* ASSIGNED TASK
From the line containing "BIBITIME Zebra Wall" down to the final entry below, restate each line word for word.
━━━ TASK INPUTS ━━━
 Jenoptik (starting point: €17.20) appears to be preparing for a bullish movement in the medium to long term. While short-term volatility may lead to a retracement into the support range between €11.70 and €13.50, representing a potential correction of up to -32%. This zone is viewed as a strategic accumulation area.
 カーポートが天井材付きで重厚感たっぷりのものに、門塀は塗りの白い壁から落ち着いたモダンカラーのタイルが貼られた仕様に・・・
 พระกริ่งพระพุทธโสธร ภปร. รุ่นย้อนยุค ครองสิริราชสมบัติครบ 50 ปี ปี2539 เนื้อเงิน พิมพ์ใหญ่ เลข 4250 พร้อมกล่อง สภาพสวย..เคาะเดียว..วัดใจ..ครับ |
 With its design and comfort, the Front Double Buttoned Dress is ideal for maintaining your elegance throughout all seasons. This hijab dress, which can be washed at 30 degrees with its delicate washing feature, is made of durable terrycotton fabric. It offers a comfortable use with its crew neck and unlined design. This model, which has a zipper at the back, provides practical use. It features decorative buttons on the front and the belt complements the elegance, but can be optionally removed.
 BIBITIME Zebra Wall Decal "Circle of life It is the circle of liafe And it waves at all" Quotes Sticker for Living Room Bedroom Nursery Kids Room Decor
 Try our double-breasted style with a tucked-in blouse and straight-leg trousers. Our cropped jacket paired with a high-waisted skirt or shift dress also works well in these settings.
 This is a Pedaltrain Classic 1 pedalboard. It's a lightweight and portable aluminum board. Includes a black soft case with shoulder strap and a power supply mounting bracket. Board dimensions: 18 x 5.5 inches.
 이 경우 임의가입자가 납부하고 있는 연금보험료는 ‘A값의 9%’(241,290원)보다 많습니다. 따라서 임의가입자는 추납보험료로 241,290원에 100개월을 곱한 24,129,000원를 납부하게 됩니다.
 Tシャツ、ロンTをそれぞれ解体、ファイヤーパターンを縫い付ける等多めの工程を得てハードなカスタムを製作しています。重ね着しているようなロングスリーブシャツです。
━━━
* ANSWER BOX
 BIBITIME Zebra Wall Decal "Circle of life It is the circle of liafe And it waves at all" Quotes Sticker for Living Room Bedroom Nursery Kids Room Decor
 Try our double-breasted style with a tucked-in blouse and straight-leg trousers. Our cropped jacket paired with a high-waisted skirt or shift dress also works well in these settings.
 This is a Pedaltrain Classic 1 pedalboard. It's a lightweight and portable aluminum board. Includes a black soft case with shoulder strap and a power supply mounting bracket. Board dimensions: 18 x 5.5 inches.
 이 경우 임의가입자가 납부하고 있는 연금보험료는 ‘A값의 9%’(241,290원)보다 많습니다. 따라서 임의가입자는 추납보험료로 241,290원에 100개월을 곱한 24,129,000원를 납부하게 됩니다.
 Tシャツ、ロンTをそれぞれ解体、ファイヤーパターンを縫い付ける等多めの工程を得てハードなカスタムを製作しています。重ね着しているようなロングスリーブシャツです。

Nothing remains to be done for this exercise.